**Task to carry out**
The first line of the entries and each line after it, through the one that contains "Beschreibung: Korall nyaklánc, festett, arany(Au)", are to be duplicated exactly; no picture belongs in the copy.

○ ○ ○ ○ ○ ○ ○

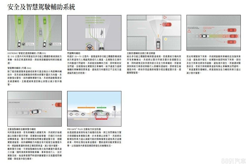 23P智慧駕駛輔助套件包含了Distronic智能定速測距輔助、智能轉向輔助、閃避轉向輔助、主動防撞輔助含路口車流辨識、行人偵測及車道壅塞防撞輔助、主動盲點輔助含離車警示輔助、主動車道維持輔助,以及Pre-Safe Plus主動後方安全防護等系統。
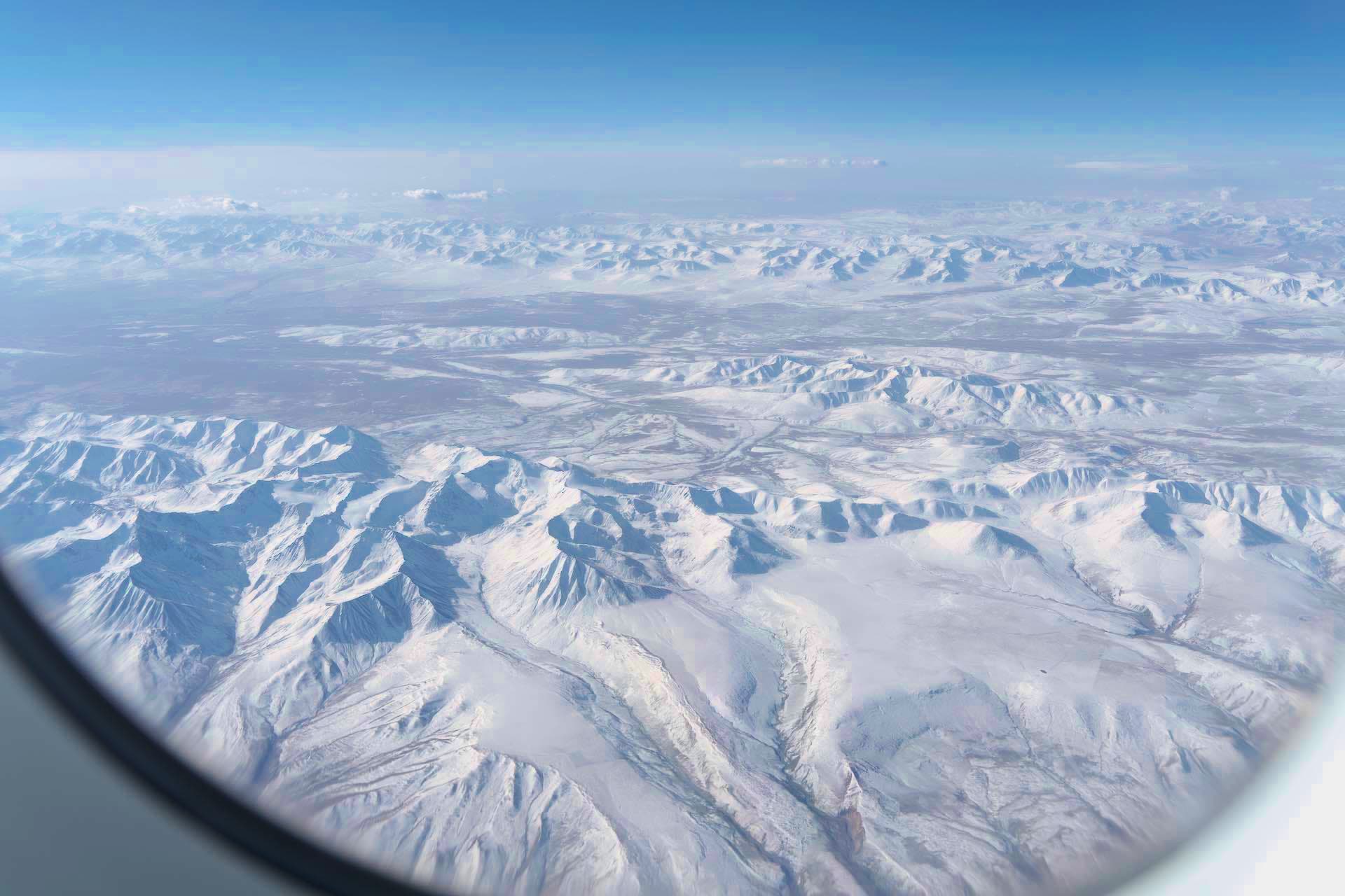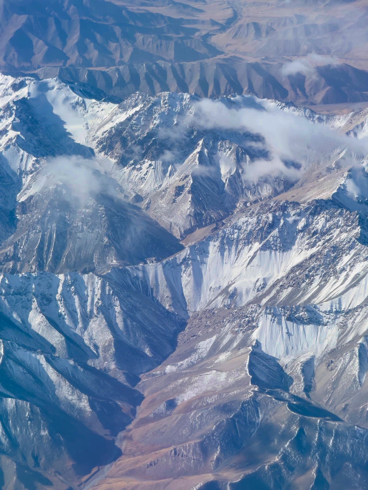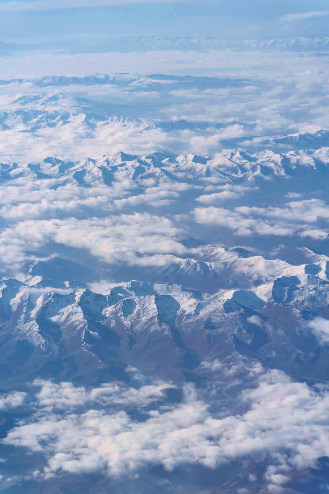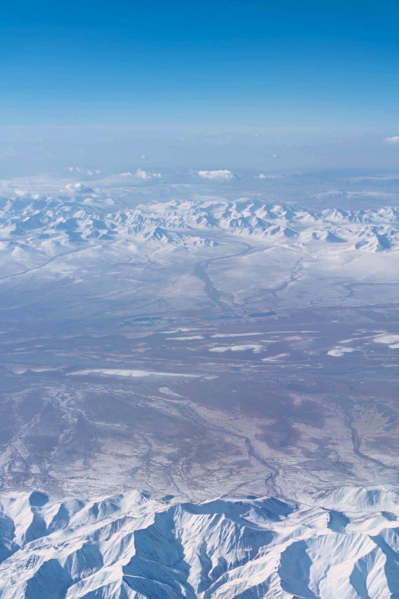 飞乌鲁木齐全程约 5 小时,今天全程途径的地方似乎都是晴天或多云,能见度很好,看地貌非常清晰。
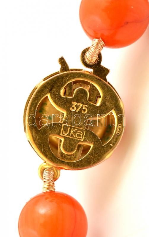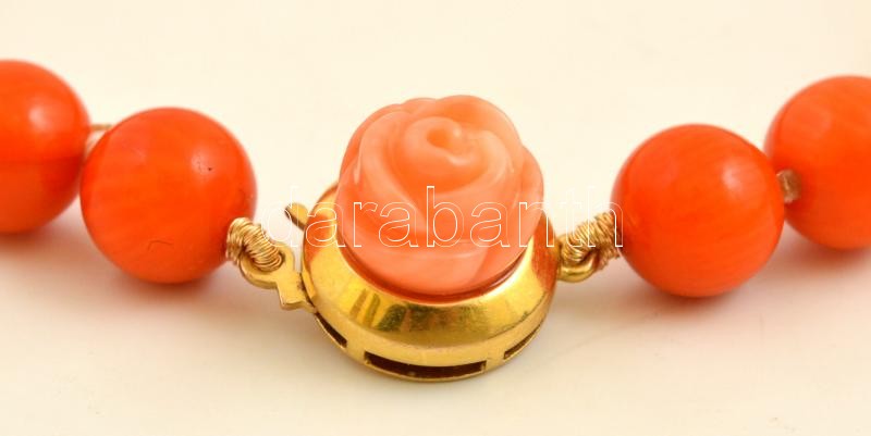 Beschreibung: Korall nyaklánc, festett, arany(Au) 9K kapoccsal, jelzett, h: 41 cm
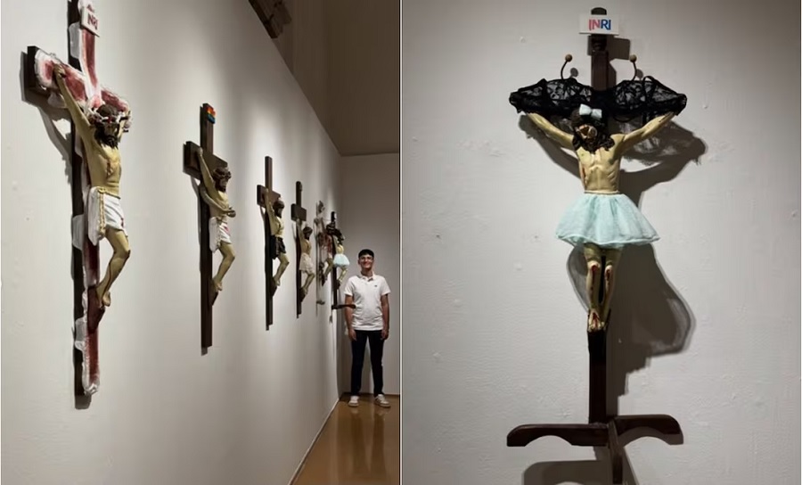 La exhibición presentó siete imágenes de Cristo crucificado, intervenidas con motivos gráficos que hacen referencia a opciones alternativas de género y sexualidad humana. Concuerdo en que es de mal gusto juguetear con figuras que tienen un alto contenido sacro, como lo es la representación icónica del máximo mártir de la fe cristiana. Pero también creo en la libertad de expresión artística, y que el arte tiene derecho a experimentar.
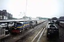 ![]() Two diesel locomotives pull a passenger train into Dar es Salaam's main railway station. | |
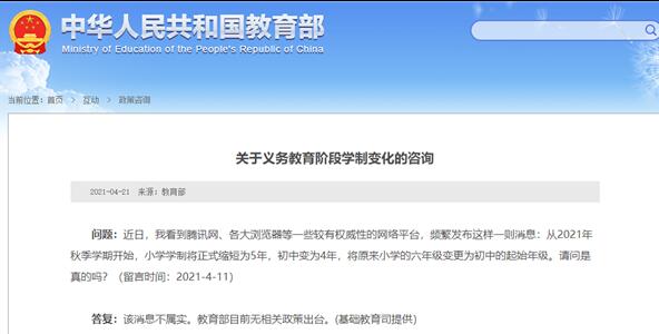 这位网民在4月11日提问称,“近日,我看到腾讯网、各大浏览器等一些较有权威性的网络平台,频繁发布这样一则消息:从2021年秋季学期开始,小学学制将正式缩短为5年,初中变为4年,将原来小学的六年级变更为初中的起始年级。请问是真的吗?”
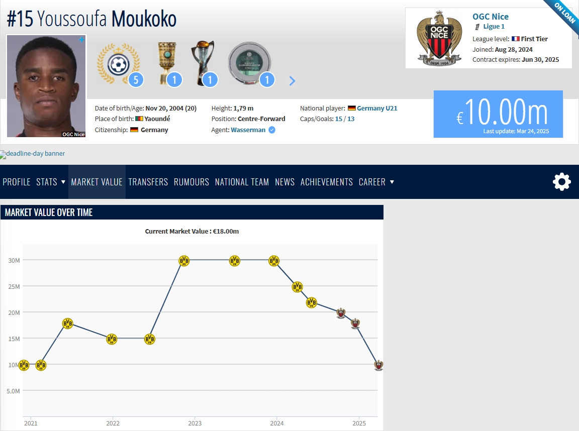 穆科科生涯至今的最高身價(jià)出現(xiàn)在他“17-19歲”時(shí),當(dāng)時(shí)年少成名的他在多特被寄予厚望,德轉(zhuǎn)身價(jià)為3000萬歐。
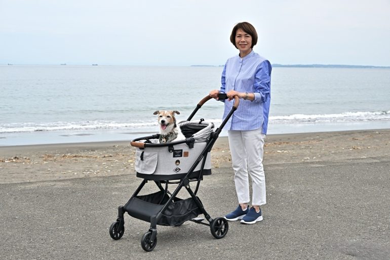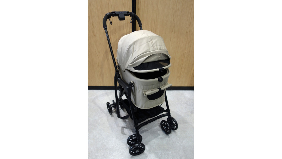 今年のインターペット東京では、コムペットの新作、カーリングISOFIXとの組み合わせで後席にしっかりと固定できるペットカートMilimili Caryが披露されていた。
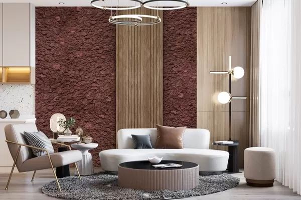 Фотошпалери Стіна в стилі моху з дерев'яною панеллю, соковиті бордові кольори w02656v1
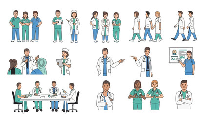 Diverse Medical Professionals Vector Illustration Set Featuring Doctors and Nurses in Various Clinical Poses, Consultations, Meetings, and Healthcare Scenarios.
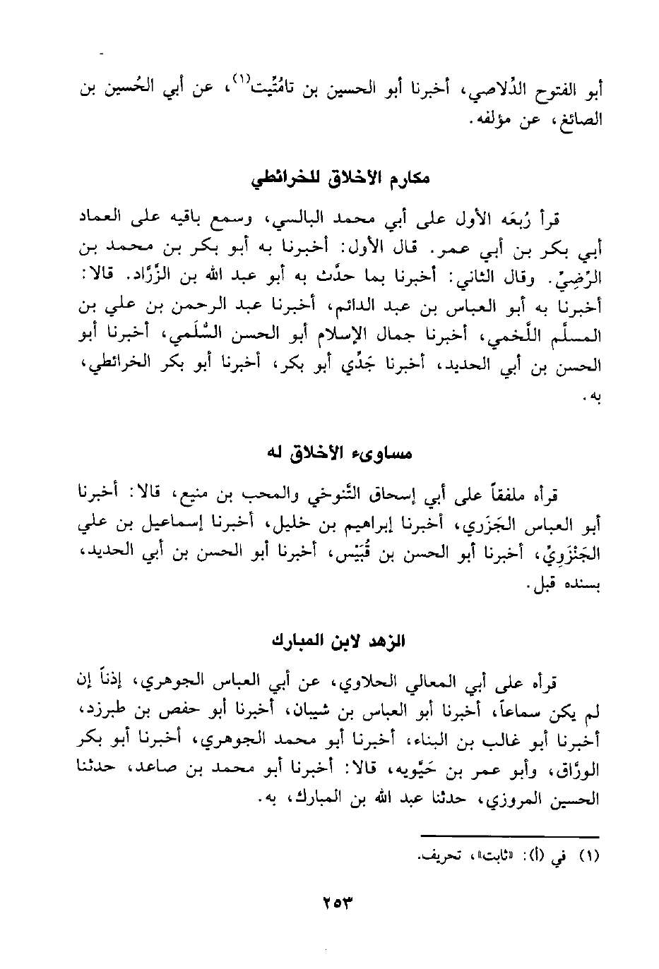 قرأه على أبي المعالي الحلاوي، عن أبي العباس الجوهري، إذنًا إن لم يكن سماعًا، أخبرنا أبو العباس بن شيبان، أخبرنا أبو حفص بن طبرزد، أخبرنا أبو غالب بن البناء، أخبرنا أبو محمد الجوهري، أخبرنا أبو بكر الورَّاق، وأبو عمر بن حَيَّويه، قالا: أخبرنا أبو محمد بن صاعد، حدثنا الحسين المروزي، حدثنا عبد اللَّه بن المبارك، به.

○ ○ ○ ○ ○ ○ ○

**Exercise result**
 23P智慧駕駛輔助套件包含了Distronic智能定速測距輔助、智能轉向輔助、閃避轉向輔助、主動防撞輔助含路口車流辨識、行人偵測及車道壅塞防撞輔助、主動盲點輔助含離車警示輔助、主動車道維持輔助,以及Pre-Safe Plus主動後方安全防護等系統。
 飞乌鲁木齐全程约 5 小时,今天全程途径的地方似乎都是晴天或多云,能见度很好,看地貌非常清晰。
 Beschreibung: Korall nyaklánc, festett, arany(Au) 9K kapoccsal, jelzett, h: 41 cm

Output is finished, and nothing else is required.